There were many fun references to our current social/political environment. That's a major theme of the book, the way that 15th Century Florence was the birthplace of our modern society. Of course any such hypothesis has to be simplistic to the point almost of absurdity. But the cartoon starkness of it makes it clearer. Maybe the reader will be motivated to study further, to fill in the subtleties. How was Luther different than Savonarola?
The tight relationship between money - banking - and politics: that's the core of it. How money has erased old family power. (There's one of those sentence fragments!)
Ah, there was a sentence in the book somewhere... in a productive economy, banks can make money by investing in productive enterprises.
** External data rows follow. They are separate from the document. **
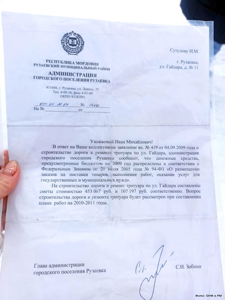 «30 лет мы боремся за дорогу». Так начинается обращение жительницы Рузаевки, поступившее на прямую линию Президента России в декабре 2024 года. Перед тем, как обратиться к главе государства, люди десятилетиями добивались ремонта дороги в городской администрации. В 2009 году даже была составлена смета, однако на этом вопрос и застопорился.
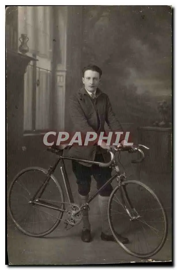 CARTE PHOTO Jeune homme et velo (cycle cycliste)
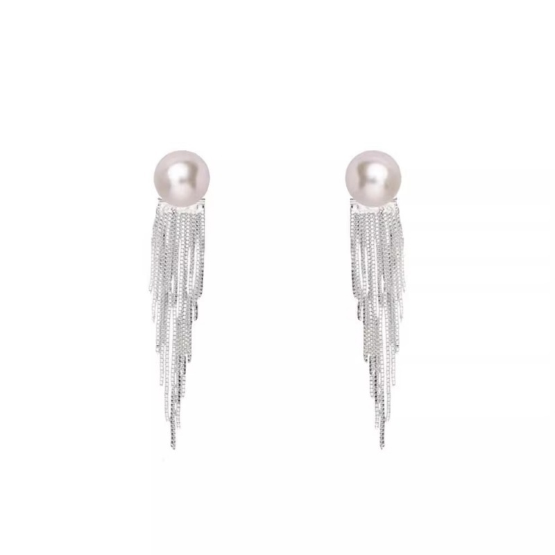 韓系輕奢珍珠後綴流蘇兩戴耳環

When all the productivity has moved elsewhere, the only money to be made is by encouraging the powerful to overspend on grand gestures, military and otherwise. Definitely many pointed references to present circumstances, though not always clearly labeled as such!
My biggest complaint is that if this is supposed to be a non-fiction work, then a true bibliography and a notes section should have been included. Instead there is a "Bibliographic Notes" section where he gives his opinion of other works on the Medici.